Collection: Le Miccine
Gaiole in Chianti, Siena, Toscana
Le Miccine is an estate that ticks all the boxes for me: pure ethereal Sangiovese without a hint of polluting Cabernet or Merlot. The vineyards are farmed organically and the winemaking is pared back. There is a rise in the number of artisan winemakers following this path in Tuscany, the results are exciting, it is a hard life though that requires attention to detail and very tough physical work.
Paula Papini-Cook has the huge advantage of being female, that sounds wrong but I will stumble on: Paola has a wonderful eye for detail, the craft in her wines is remarkable and when I first tasted them it was like tasting Isole e Olena or Boscarelli for the first time, such was the purity, definition and harmony.
Paula is from Quebec, she is lovely and energetic. The story of how she settled at Le Miccine is a tale of obsession and dogged determination. She trained in viticulture and enology in France, her parents are Scottish. (Though her mother is half Italian) and her wines are impeccably Tuscan (plus the terroir of Miccine was exactly what she had been searching for).
The vineyard is seven hectares, high in the hills at around 400m between Radda and Gaiole in the heart of Chianti Classico.

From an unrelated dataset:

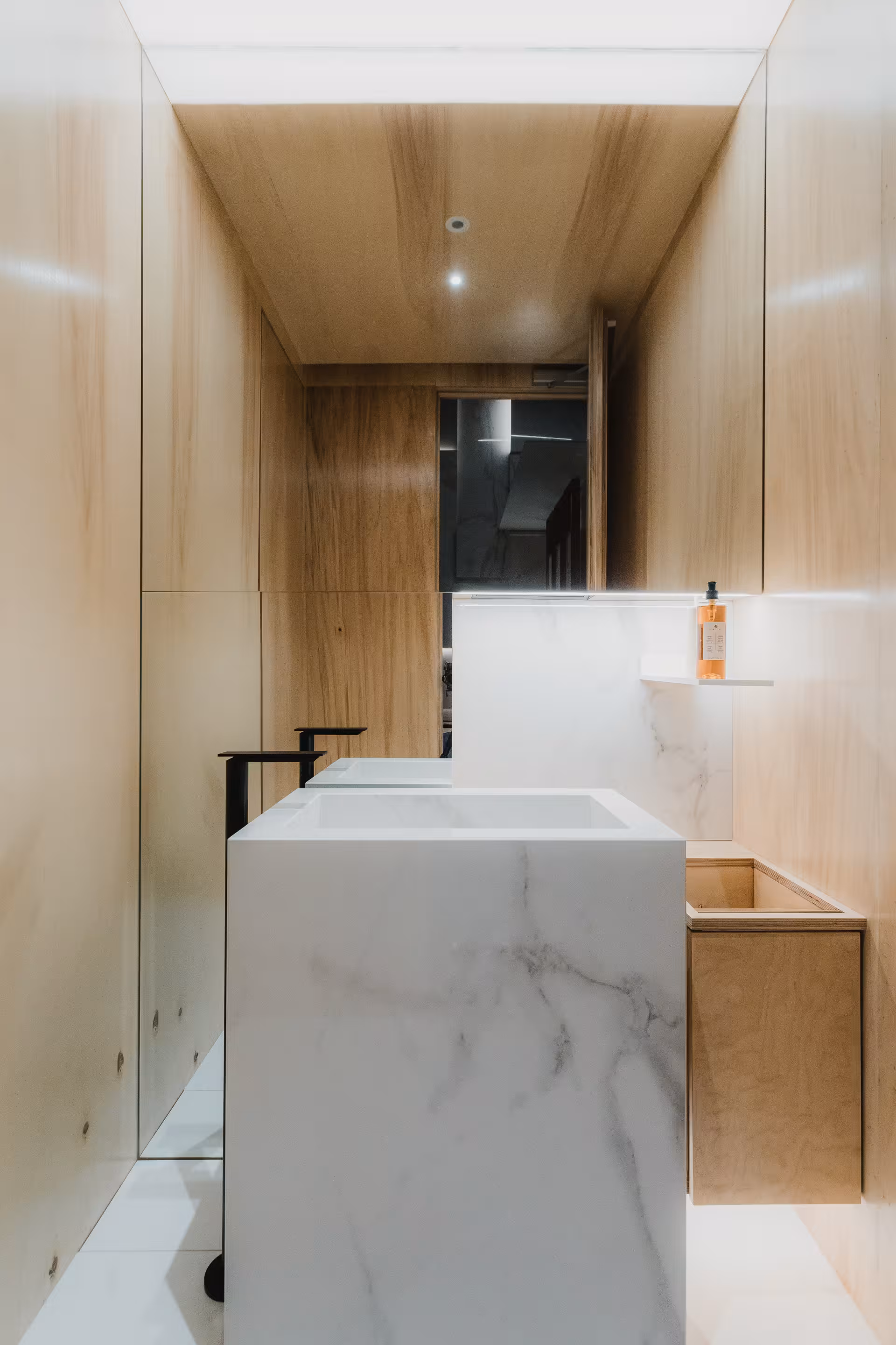 A materialidade é contida e cuidadosamente seleccionada, destacando-se superfícies contínuas em tons claros, madeira natural e vidro, numa composição minimalista que transmite elegância, sobriedade e intemporalidade. Os detalhes construtivos — perfis metálicos, caixilharias e iluminação linear — reforçam a precisão do desenho e a qualidade do conjunto.

The vines were first planted in the 60’s when the farm first became a wine business. There are six clones of Sangiovese along with Colorino, Merlot and a tiny amount of Vermentino. Unusually she has trained the vines using a trellised Alberello system which is more difficult to work than modern systems, but it is something that she strongly believes in and it does suit the rocky, calcareous local soils. Green cover is encouraged between the vines to encourage some competition and reduce erosion and the choice of organic farming is to encourage biodiversity on the land. All of this makes for a more challenging life (throw in a very excellent agriturismo too) but the results are uncompromising and excellent.
Her winery is simple and production is around 30,000 bottles a year, the majority of which is Chianti Classico. There is also a little Vermentino (Fosso di Conce) and Merlot (Cardus), both are also lovely. This is an estate to watch; how good are they? Well, thirty restaurants in Bordeaux list them. I suspect Miccine wines will become amongst the most sought after in years to come.